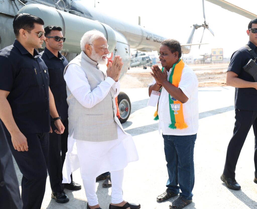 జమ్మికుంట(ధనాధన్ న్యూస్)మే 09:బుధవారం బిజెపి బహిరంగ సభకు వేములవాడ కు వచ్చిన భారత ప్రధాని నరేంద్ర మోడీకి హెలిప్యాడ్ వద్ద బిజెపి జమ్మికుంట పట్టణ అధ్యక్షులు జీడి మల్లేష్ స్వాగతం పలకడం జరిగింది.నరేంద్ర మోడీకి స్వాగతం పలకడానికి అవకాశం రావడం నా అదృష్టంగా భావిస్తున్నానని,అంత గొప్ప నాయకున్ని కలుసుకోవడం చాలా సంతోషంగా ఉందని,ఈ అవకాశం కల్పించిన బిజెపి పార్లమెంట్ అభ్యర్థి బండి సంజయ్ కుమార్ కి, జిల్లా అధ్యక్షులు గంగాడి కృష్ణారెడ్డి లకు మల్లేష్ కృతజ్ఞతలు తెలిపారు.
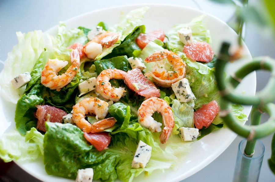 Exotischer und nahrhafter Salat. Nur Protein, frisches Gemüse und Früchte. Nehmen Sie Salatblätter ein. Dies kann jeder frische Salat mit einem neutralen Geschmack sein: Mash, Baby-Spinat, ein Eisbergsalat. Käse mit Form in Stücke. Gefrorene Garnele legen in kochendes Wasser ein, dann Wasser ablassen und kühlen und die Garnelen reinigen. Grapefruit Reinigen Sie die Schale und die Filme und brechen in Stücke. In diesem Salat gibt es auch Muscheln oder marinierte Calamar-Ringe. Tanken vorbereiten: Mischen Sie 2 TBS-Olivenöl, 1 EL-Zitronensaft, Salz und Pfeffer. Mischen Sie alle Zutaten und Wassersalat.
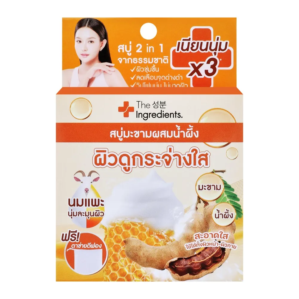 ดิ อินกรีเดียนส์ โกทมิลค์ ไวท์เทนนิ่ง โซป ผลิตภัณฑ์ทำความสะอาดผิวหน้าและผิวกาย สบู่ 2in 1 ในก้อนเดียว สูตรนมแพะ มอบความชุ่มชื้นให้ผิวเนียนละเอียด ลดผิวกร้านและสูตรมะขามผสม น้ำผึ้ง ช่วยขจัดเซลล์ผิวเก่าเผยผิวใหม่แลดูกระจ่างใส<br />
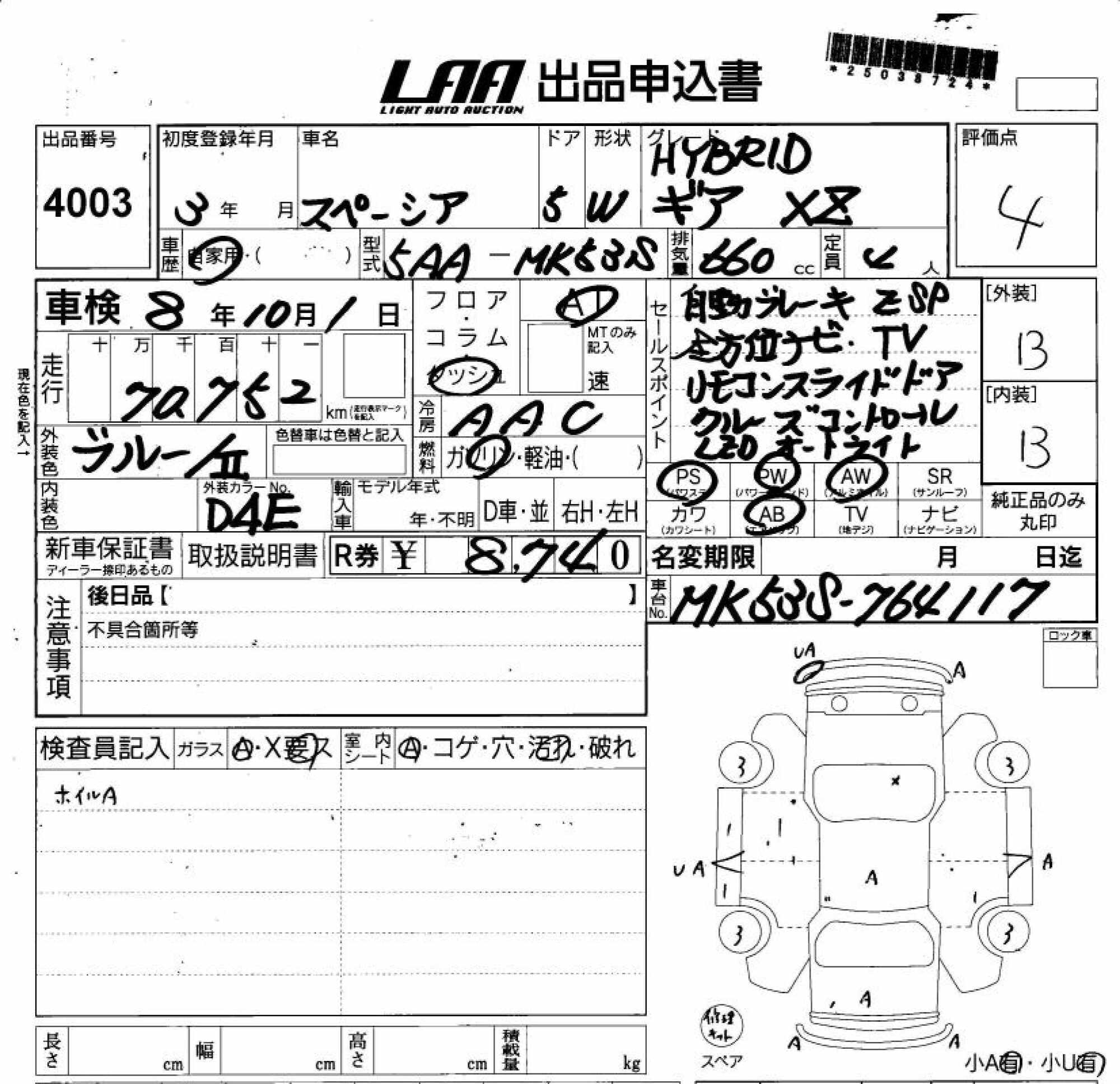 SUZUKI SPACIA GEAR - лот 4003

==

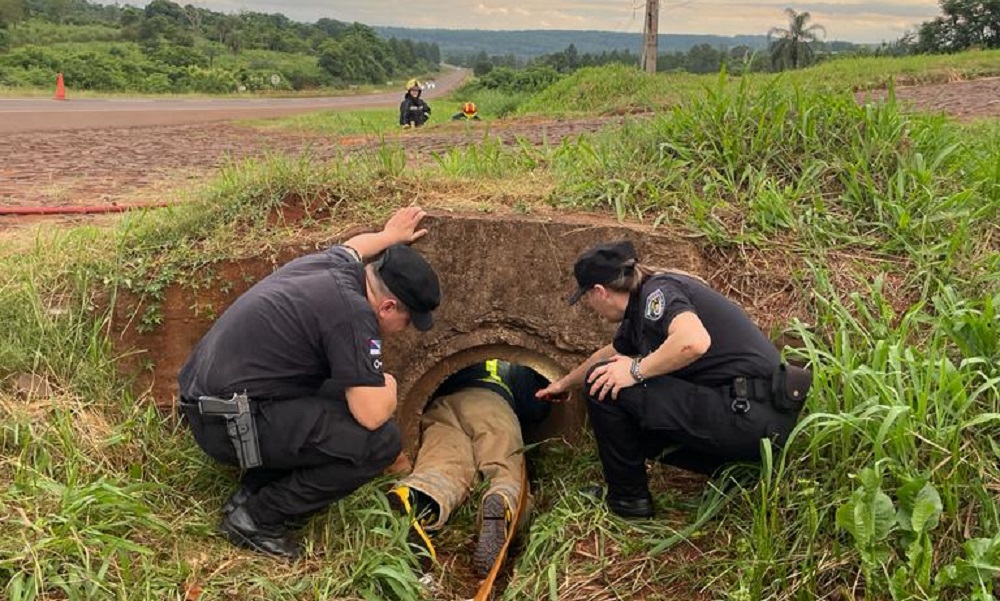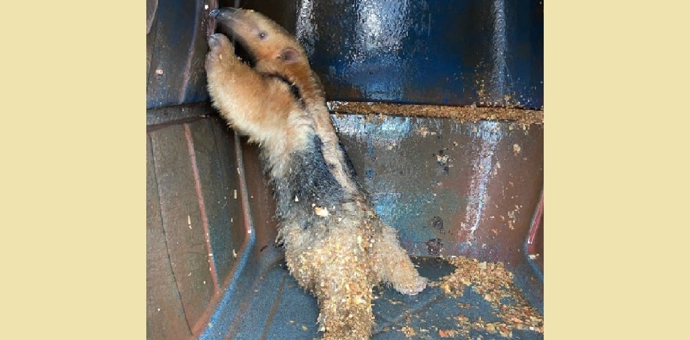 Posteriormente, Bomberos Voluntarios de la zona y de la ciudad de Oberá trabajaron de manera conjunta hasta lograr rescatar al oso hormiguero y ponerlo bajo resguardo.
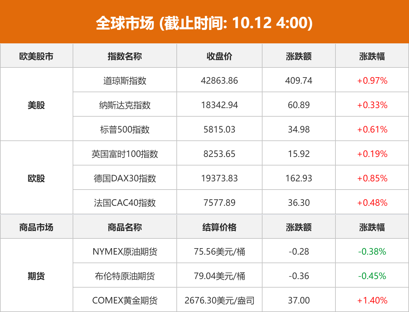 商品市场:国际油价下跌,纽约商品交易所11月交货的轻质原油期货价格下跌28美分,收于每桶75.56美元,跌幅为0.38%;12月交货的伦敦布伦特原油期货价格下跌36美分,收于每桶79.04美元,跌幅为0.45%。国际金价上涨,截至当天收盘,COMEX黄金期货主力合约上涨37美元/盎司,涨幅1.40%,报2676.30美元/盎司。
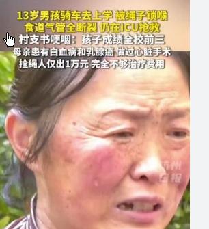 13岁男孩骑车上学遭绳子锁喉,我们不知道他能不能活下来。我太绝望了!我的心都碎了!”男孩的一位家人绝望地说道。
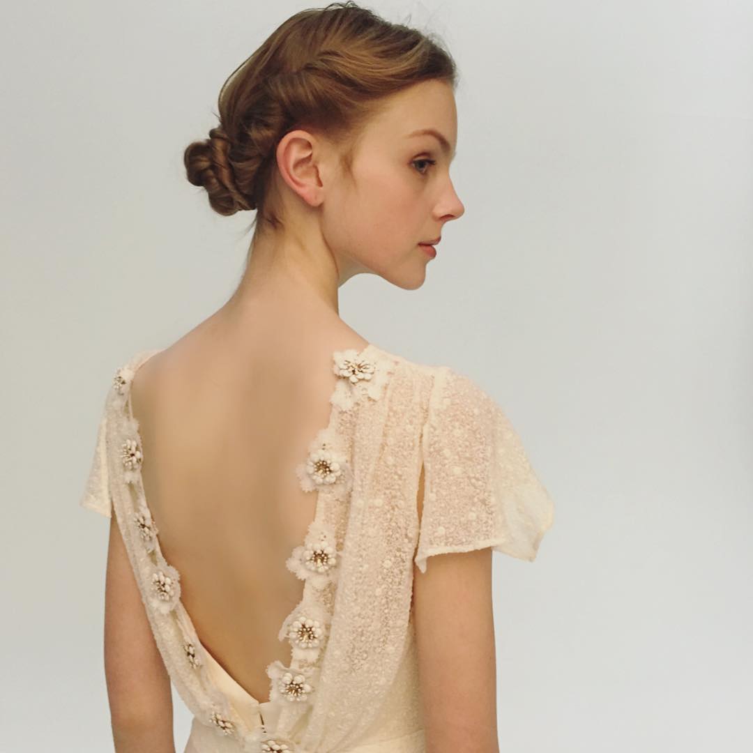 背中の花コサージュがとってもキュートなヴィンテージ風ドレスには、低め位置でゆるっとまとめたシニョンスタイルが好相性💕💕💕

DIRECTIONS FOR THIS TASK:
Please transcribe exactly the part of the records that opens with the line containing "13岁男孩骑车上学遭绳子锁喉" and closes with the line containing "背中の花コサージュがとっても", both ends included, and leave out the pictures.

ANSWER:
 13岁男孩骑车上学遭绳子锁喉,我们不知道他能不能活下来。我太绝望了!我的心都碎了!”男孩的一位家人绝望地说道。
 背中の花コサージュがとってもキュートなヴィンテージ風ドレスには、低め位置でゆるっとまとめたシニョンスタイルが好相性💕💕💕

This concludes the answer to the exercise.